What you need to do — Produce a word-for-word copy of the listing below without its pictures.

Given data —
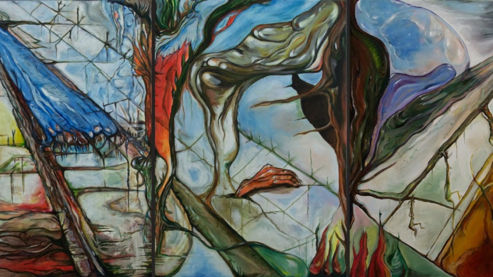Sinds enige tijd is Frido ter Beek ook aan het schilderen. Hij schildert vaak nogal intuïtief en begint zomaar ergens. Als er dan een idee ontstaat of meer vastomlijnd raakt, gaat hij heel precies te werk en raakt hij geobsedeerd. Het lukt Frido meestal niet om abstract te zijn. Hij zit vast aan organische vormen en gegevens die ook in het dagelijks leven voorkomen. Maatschappelijke betekenissen en politieke statements zal je in zijn schilderijen dus niet tegenkomen, die mag je er zelf bij zoeken!
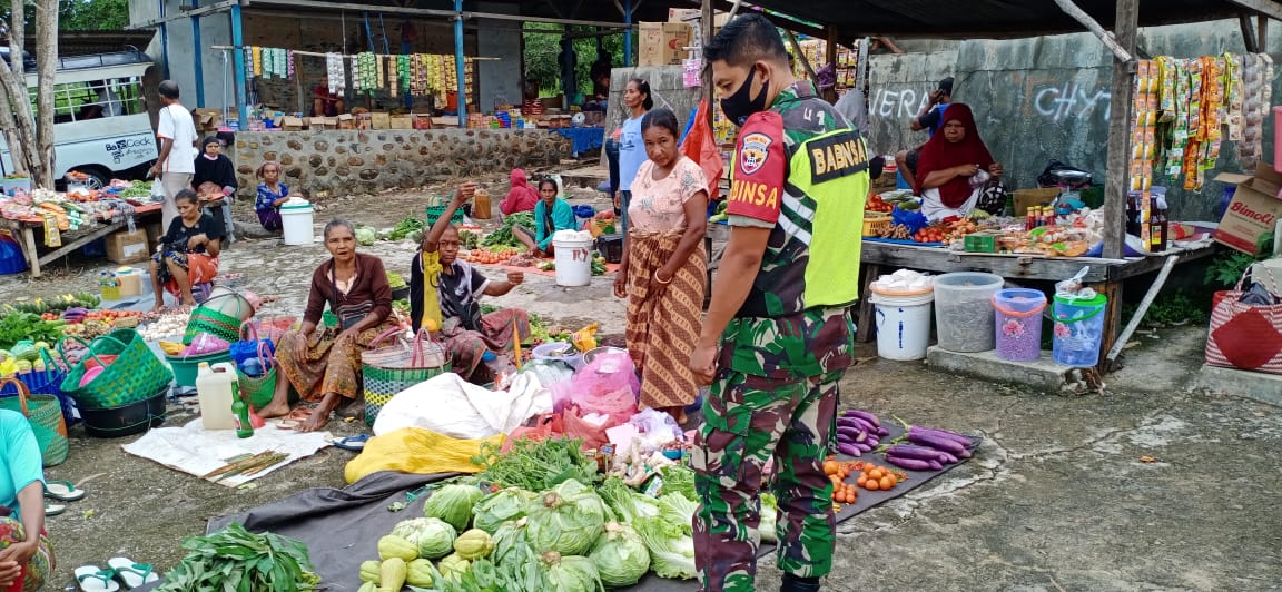LIDIK NEWS.COM | LARANTUKA – Serda Edison dan Praka Herjan selaku Babinsa Koramil 1624-05/Solor wilayah Kodim 1624/Flotim melaksanakan komunikasi sosial dan turun ke pasar tradisional kowo bertempat di Desa Leograran, Kecamatan Solor Selatan, Kabupaten Flores Timur. Senin (04/07/2022).
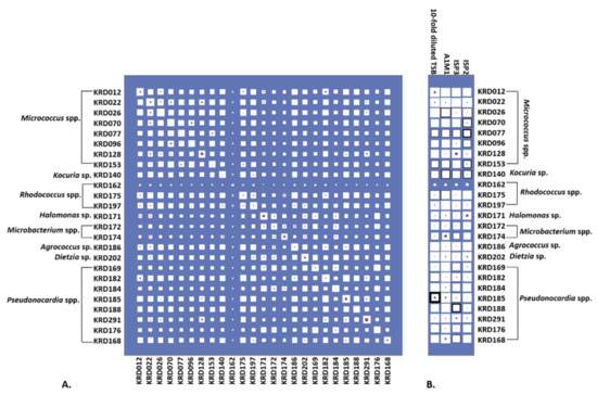 Culturing all strains in four growth media resulted in 100 metabolite extracts, of which 72% exhibited activity against six pathogenic bacteria (Escherichia coli, Staphylococcus aureus, Klebsiella pneumoniae, Acinetobacter baumanii, Pseudomonas aeruginosa and Enterococcus faecalis) known as the “ESKAPE” pathogens [48]. Specifically, 39% of the biologically active strains (28% of the total number) showed antibacterial activity against only one pathogen. The same percentage of active extracts inhibited the growth of one or more pathogens under only one cultivation condition. The inhibition zones ranged from 0.1 to 2.1 cm (Table S4). Most of the bacterial metabolite extracts were active against S. aureus with the Pseudonocardia strain KRD185 showing the largest inhibition zone (2.1 cm). Moreover, the 10-fold diluted TSB extract of strain KRD185 showed promising antibacterial activity against K. pneumoniae (0.9 cm) and A. baumannii (1.5 cm), whereas the A1M1 and 10-fold diluted TSB extracts of Rhodococcus strain KRD175 were selectively active against K. pneumoniae (Table S4). The occurrence of parent ions in relation to the bioactive extract is shown in Figure 4 where Hinton diagrams are illustrating the number of parent ions produced only by each strain (strain specific), as well as shared between two strains (Figure 4A). Strains belonging to the same genus shared the highest number of produced parent ions, which of course varies between the genera. For example, within the Micrococcus genus, strains KRD022 and KRD026 share the highest number of parent ions (649 in total), whereas strains KRD128 and KRD096 share only 287 parent ions. For the Pseudonocardia spp. isolates, there is a wide variation in the number of shared parent ions (163–632), where strain KRD176 shares 632 ions with KRD196 and only 163 with KRD291. Variations ranging from 104 to 649 shared parent ions also occurred between strains of different genera, as expected. The Microbacterium sp. strain KRD174 shared 104 and 123 parent ions with Micrococcus sp. KRD096 and Pseudonocardia sp. KRD291, respectively, representing the lowest number of shared ions. On the other hand, the Rhodococcus strain KRD175 showed the largest number of shared parent ions (649) with strain KRD022 of the Micrococcus genus. The sole Kocuria sp. isolate, KRD140, shared only 199 parent ions with Pseudonocardia strain KRD176, but shared more than 400 ions with three Pseudonocardia strains (KRD182, KRD185, KRD188). Amongst the Pseudonocardia strains, KRD182 showed the highest number of shared parent ions with Micrococcus spp. (356–607 parent ions), and Rhodococcus strains (465–612 parent ions). The Hinton diagram in Figure 4B demonstrates the number of parent ions produced by strains under each growth condition (white box), as well as the number of specific parent ions per strain grown under each growth condition (purple box) and the observed bioactivity (black outline). The 10-fold diluted TSB metabolite extract of KRD185 (Pseudonocardia sp.) had the highest bioactivity, with a zone of inhibition of 2.1 cm, and it produced the highest number of total (803) and unique (29) parent ions in that growth condition when compared to the rest of the studied isolates. Although the Micrococcus strain KRD022 produced the highest numbers of parent ions in ISP2 (819) and A1M1 (864) media, it did not exhibit any biological activity against the pathogenic bacteria. These two examples indicate that bioactivity is not necessarily related to the highest number of produced metabolites (parent ions).

Exercise output —
Sinds enige tijd is Frido ter Beek ook aan het schilderen. Hij schildert vaak nogal intuïtief en begint zomaar ergens. Als er dan een idee ontstaat of meer vastomlijnd raakt, gaat hij heel precies te werk en raakt hij geobsedeerd. Het lukt Frido meestal niet om abstract te zijn. Hij zit vast aan organische vormen en gegevens die ook in het dagelijks leven voorkomen. Maatschappelijke betekenissen en politieke statements zal je in zijn schilderijen dus niet tegenkomen, die mag je er zelf bij zoeken!
LIDIK NEWS.COM | LARANTUKA – Serda Edison dan Praka Herjan selaku Babinsa Koramil 1624-05/Solor wilayah Kodim 1624/Flotim melaksanakan komunikasi sosial dan turun ke pasar tradisional kowo bertempat di Desa Leograran, Kecamatan Solor Selatan, Kabupaten Flores Timur. Senin (04/07/2022).
 Culturing all strains in four growth media resulted in 100 metabolite extracts, of which 72% exhibited activity against six pathogenic bacteria (Escherichia coli, Staphylococcus aureus, Klebsiella pneumoniae, Acinetobacter baumanii, Pseudomonas aeruginosa and Enterococcus faecalis) known as the “ESKAPE” pathogens [48]. Specifically, 39% of the biologically active strains (28% of the total number) showed antibacterial activity against only one pathogen. The same percentage of active extracts inhibited the growth of one or more pathogens under only one cultivation condition. The inhibition zones ranged from 0.1 to 2.1 cm (Table S4). Most of the bacterial metabolite extracts were active against S. aureus with the Pseudonocardia strain KRD185 showing the largest inhibition zone (2.1 cm). Moreover, the 10-fold diluted TSB extract of strain KRD185 showed promising antibacterial activity against K. pneumoniae (0.9 cm) and A. baumannii (1.5 cm), whereas the A1M1 and 10-fold diluted TSB extracts of Rhodococcus strain KRD175 were selectively active against K. pneumoniae (Table S4). The occurrence of parent ions in relation to the bioactive extract is shown in Figure 4 where Hinton diagrams are illustrating the number of parent ions produced only by each strain (strain specific), as well as shared between two strains (Figure 4A). Strains belonging to the same genus shared the highest number of produced parent ions, which of course varies between the genera. For example, within the Micrococcus genus, strains KRD022 and KRD026 share the highest number of parent ions (649 in total), whereas strains KRD128 and KRD096 share only 287 parent ions. For the Pseudonocardia spp. isolates, there is a wide variation in the number of shared parent ions (163–632), where strain KRD176 shares 632 ions with KRD196 and only 163 with KRD291. Variations ranging from 104 to 649 shared parent ions also occurred between strains of different genera, as expected. The Microbacterium sp. strain KRD174 shared 104 and 123 parent ions with Micrococcus sp. KRD096 and Pseudonocardia sp. KRD291, respectively, representing the lowest number of shared ions. On the other hand, the Rhodococcus strain KRD175 showed the largest number of shared parent ions (649) with strain KRD022 of the Micrococcus genus. The sole Kocuria sp. isolate, KRD140, shared only 199 parent ions with Pseudonocardia strain KRD176, but shared more than 400 ions with three Pseudonocardia strains (KRD182, KRD185, KRD188). Amongst the Pseudonocardia strains, KRD182 showed the highest number of shared parent ions with Micrococcus spp. (356–607 parent ions), and Rhodococcus strains (465–612 parent ions). The Hinton diagram in Figure 4B demonstrates the number of parent ions produced by strains under each growth condition (white box), as well as the number of specific parent ions per strain grown under each growth condition (purple box) and the observed bioactivity (black outline). The 10-fold diluted TSB metabolite extract of KRD185 (Pseudonocardia sp.) had the highest bioactivity, with a zone of inhibition of 2.1 cm, and it produced the highest number of total (803) and unique (29) parent ions in that growth condition when compared to the rest of the studied isolates. Although the Micrococcus strain KRD022 produced the highest numbers of parent ions in ISP2 (819) and A1M1 (864) media, it did not exhibit any biological activity against the pathogenic bacteria. These two examples indicate that bioactivity is not necessarily related to the highest number of produced metabolites (parent ions).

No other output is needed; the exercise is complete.